(Dataset items)
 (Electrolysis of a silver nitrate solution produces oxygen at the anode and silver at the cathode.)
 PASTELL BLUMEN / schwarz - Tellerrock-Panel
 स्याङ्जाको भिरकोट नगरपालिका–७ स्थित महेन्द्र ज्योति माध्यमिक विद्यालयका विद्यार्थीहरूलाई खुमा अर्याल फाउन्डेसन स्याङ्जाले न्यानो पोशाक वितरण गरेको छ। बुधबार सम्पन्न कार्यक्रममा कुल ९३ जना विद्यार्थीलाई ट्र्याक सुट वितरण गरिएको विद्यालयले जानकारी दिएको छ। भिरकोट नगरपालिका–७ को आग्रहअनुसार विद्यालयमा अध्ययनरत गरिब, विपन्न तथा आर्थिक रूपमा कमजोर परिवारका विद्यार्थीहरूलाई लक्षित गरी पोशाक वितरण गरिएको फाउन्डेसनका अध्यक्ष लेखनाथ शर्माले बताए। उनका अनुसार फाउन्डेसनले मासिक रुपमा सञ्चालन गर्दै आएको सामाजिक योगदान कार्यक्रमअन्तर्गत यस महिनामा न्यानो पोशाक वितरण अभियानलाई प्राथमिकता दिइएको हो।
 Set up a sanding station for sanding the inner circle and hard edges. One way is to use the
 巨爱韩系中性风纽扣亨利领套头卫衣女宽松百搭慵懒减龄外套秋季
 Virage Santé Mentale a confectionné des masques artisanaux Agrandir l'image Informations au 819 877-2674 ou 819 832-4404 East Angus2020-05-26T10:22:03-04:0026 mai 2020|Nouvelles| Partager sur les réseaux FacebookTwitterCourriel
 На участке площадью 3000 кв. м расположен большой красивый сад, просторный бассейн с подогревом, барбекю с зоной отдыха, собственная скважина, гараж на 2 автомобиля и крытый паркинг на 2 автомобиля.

==

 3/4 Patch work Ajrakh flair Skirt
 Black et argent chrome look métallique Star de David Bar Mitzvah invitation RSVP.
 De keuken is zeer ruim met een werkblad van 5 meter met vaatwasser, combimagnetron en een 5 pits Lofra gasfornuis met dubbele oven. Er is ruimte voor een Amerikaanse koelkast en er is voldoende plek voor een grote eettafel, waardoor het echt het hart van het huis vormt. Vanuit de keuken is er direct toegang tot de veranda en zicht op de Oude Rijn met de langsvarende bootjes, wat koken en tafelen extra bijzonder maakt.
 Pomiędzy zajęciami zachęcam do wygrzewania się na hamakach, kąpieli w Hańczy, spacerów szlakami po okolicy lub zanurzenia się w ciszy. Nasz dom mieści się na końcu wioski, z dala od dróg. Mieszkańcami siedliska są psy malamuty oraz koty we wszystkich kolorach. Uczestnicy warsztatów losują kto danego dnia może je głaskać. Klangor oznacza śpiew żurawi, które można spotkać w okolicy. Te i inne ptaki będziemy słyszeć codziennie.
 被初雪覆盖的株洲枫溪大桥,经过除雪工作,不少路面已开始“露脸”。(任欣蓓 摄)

### Instructions to follow
For the lines above, output exactly those from the line containing "Set up a sanding" through the line containing "На участке площадью", and skip the others.

### Solution
 Set up a sanding station for sanding the inner circle and hard edges. One way is to use the
 巨爱韩系中性风纽扣亨利领套头卫衣女宽松百搭慵懒减龄外套秋季
 Virage Santé Mentale a confectionné des masques artisanaux Agrandir l'image Informations au 819 877-2674 ou 819 832-4404 East Angus2020-05-26T10:22:03-04:0026 mai 2020|Nouvelles| Partager sur les réseaux FacebookTwitterCourriel
 На участке площадью 3000 кв. м расположен большой красивый сад, просторный бассейн с подогревом, барбекю с зоной отдыха, собственная скважина, гараж на 2 автомобиля и крытый паркинг на 2 автомобиля.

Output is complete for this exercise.